[Records from a data source]
########

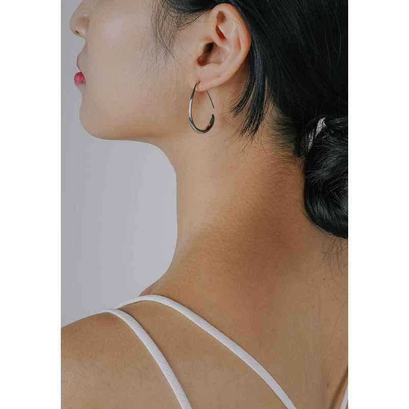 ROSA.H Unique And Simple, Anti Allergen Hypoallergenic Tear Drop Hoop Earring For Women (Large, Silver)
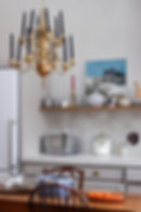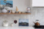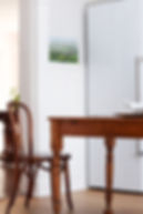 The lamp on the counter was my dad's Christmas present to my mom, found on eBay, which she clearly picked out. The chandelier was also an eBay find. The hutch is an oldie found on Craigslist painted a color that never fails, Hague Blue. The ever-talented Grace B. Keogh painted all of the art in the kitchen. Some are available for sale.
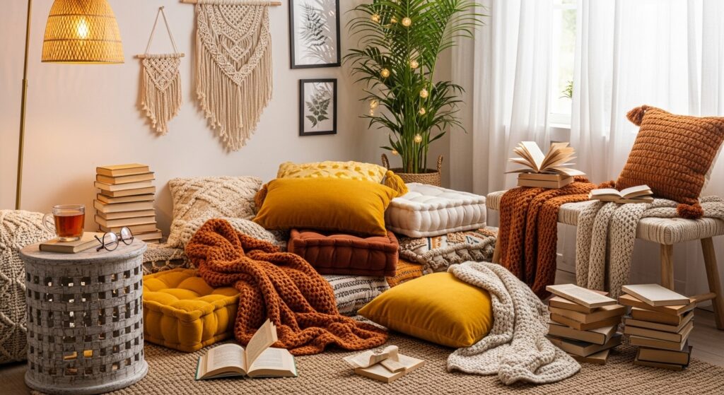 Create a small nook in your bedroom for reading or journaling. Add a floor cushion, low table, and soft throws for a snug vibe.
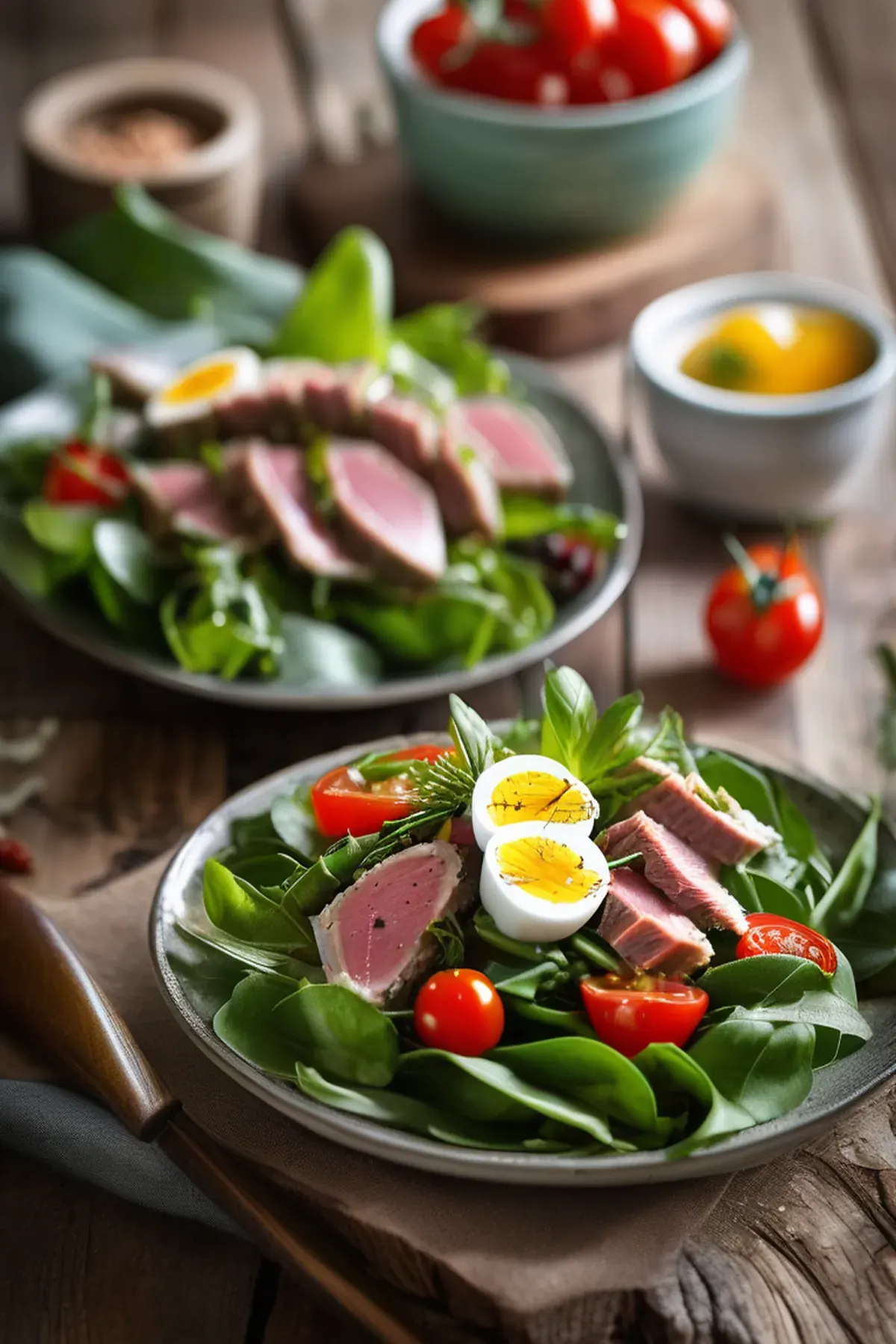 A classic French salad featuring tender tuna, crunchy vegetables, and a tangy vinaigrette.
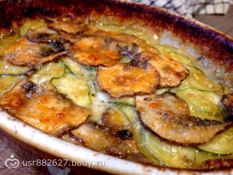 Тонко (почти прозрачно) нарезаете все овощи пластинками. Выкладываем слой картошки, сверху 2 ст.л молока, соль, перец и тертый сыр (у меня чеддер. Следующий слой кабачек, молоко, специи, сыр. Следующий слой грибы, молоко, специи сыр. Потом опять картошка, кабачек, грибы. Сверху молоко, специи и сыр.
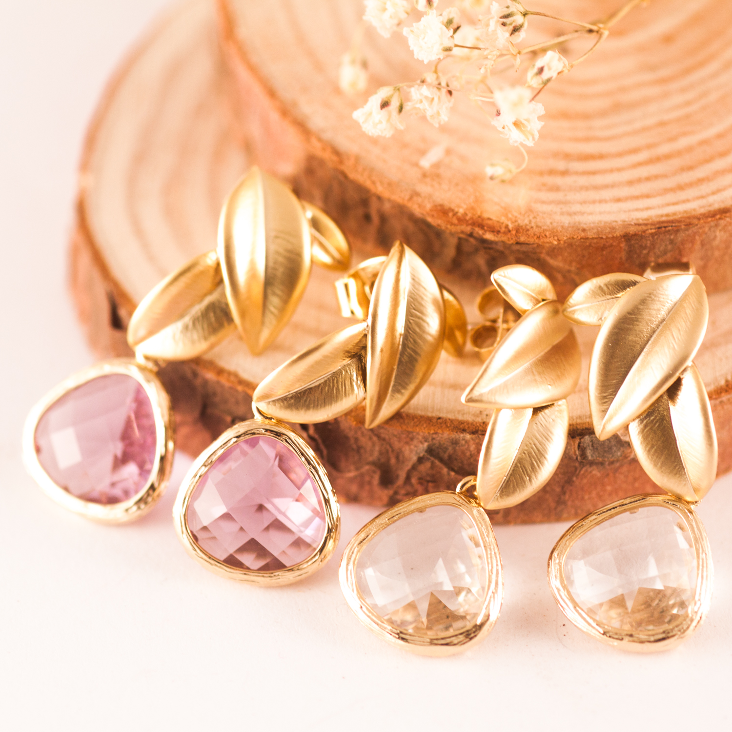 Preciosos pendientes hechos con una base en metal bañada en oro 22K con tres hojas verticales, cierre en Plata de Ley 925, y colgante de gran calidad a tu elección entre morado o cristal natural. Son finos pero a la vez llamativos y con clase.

########

Your goal:
The entries above need to be printed again exactly; please exclude all pictures.

Answer to this problem:
 ROSA.H Unique And Simple, Anti Allergen Hypoallergenic Tear Drop Hoop Earring For Women (Large, Silver)
 The lamp on the counter was my dad's Christmas present to my mom, found on eBay, which she clearly picked out. The chandelier was also an eBay find. The hutch is an oldie found on Craigslist painted a color that never fails, Hague Blue. The ever-talented Grace B. Keogh painted all of the art in the kitchen. Some are available for sale.
 Create a small nook in your bedroom for reading or journaling. Add a floor cushion, low table, and soft throws for a snug vibe.
 A classic French salad featuring tender tuna, crunchy vegetables, and a tangy vinaigrette.
 Тонко (почти прозрачно) нарезаете все овощи пластинками. Выкладываем слой картошки, сверху 2 ст.л молока, соль, перец и тертый сыр (у меня чеддер. Следующий слой кабачек, молоко, специи, сыр. Следующий слой грибы, молоко, специи сыр. Потом опять картошка, кабачек, грибы. Сверху молоко, специи и сыр.
 Preciosos pendientes hechos con una base en metal bañada en oro 22K con tres hojas verticales, cierre en Plata de Ley 925, y colgante de gran calidad a tu elección entre morado o cristal natural. Son finos pero a la vez llamativos y con clase.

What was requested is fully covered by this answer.